Es apreciado por su carne y por ser una
fuente importante de nutrientes. Contiene poca grasa y es rico en proteínas y
vitaminas: A, B1, B2, B3, B6, hierro y calcio. Aporta, además, sodio, potasio y
magnesio. Pero también es rico en Omega 3, una aceite esencial de probada
eficiencia contra el colesterol y por lo tanto, contra la arterosclerosis y las
cardiopatías, entre muchas otras enfermedades.
Un
proceso de siglos
El bacalao más famoso es el noruego, que
una vez extraído en sus aguas, es secado y salado, utilizando un proceso de
varios cientos de años. Durante el secado, el pescado reduce su volumen en un
50% y su peso, en un 80%, por la eliminación gradual del agua. La
deshidratación impide el deterioro, al inhibir el crecimiento de los
microorganismos y reduce o detiene la actividad enzimática y las reacciones
químicas.
Después que el bacalao es salado, se pone a
madurar y luego a secar en túneles de aire caliente. Una vez seco, se clasifica
para la venta, donde la blancura y el espesor de la carne son factores
decisivos en el precio final.
Otra razón por la que este pescado es
apreciado es por el uso comercial del aceite del aceite de hígado de bacalao.
Definitivamente, el bacalao es mucho más
que piel y espinas. Es un universo de nutrientes en un solo alimento que
deberíamos incluir sin excusas en nuestra dieta habitual y no sólo por
temporadas.
Y a pesar de su sabor y olor
característicos, es de los géneros más versátiles que se puedan encontrar.

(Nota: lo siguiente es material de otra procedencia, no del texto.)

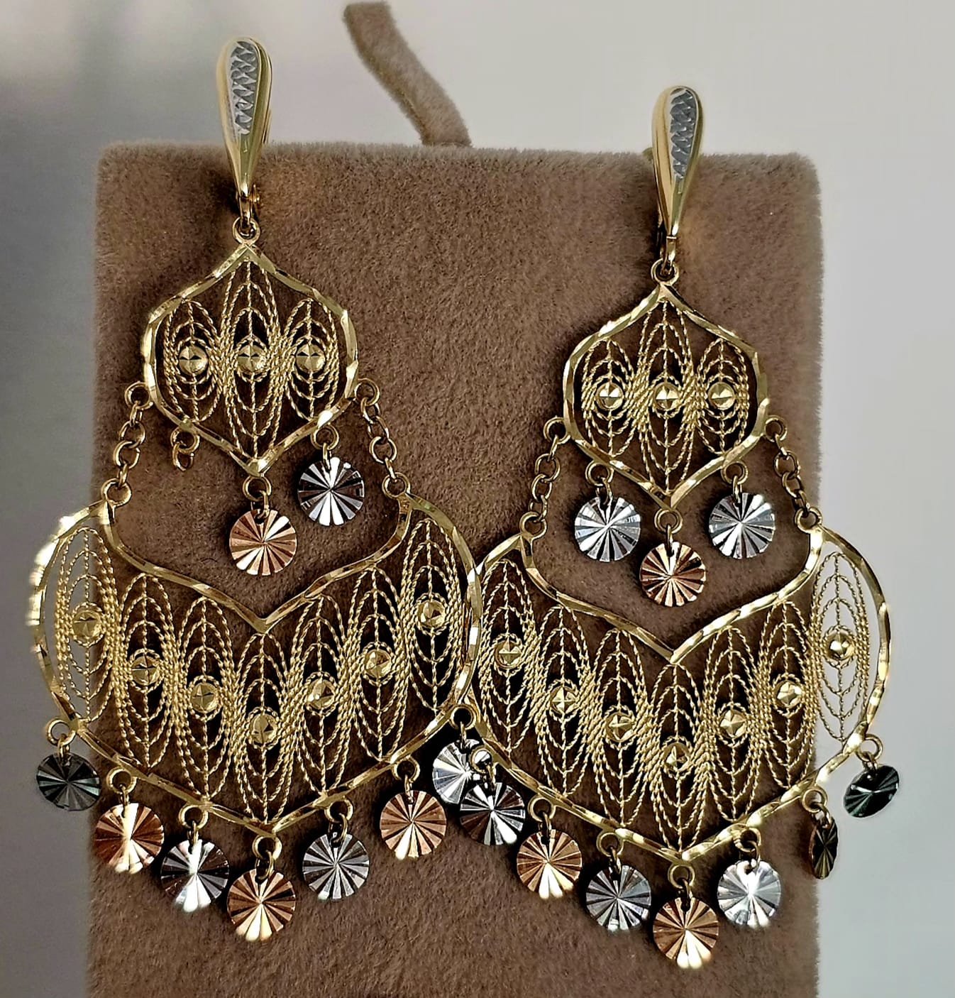 Acești cercei din aur galben 14K sunt o adevărată capodoperă artizanală. Realizați într-un stil oriental rafinat, cu detalii lucrate migălos și discuri mobile în nuanțe de aur galben, alb și roz, aceștia creează un efect spectaculos la fiecare mișcare. Ușori, dar vizual impunători, sunt alegerea ideală pentru evenimente, dar și pentru femeia care iubește să iasă în evidență.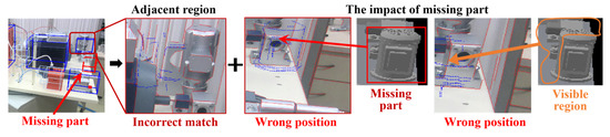 The results proved the adaptability of the proposed method to state differences, especially to visual feature changes caused by the differences in model rendering style. Moreover, pose errors of Groups A, D, and E reflect that sparse context changes such as component size modification have less impact on the performance than rendering style changes. Although the error of Group C is close to , 69.59 mm, the proposed method still has an advantage over the existing methods listed in Table 1. The impact of a missing part is significant, and the reasons are shown in Figure 14. The current object has a high similarity with the component behind it in this viewpoint, and mismatching is considered a high-quality correspondence. Moreover, when occluded components participate in matching, their features are extremely different from the region that contains a missing part but rather highly similar to the noise. Therefore, the coupling of the above situations prevents anomalies from being intercepted by VPS, causing viewpoints that should have been discarded to always participate in feasible region construction and evolution, resulting in continuous accumulation of errors.

Aproveche estos días y atrévase a prepararlo en picaderas, ensaladas, sopas o platos
principales. Si lo consigue fresco, las recetas se multiplican y el sabor es
completamente diferente. ¡No se arrepentirá!
Beneficios
Además de excelente fuente de vitaminas A y
D, está comprobado que produce multitud de beneficios:
• Combate el catarro
• Mejora la visión nocturna
• Ayuda al crecimiento y fortalecimiento de
huesos y dientes, aliviando síntomas asociados a la artritis.
• Provee mejoría a afecciones respiratorias
• Hace que la piel y el pelo luzcan muy
saludables.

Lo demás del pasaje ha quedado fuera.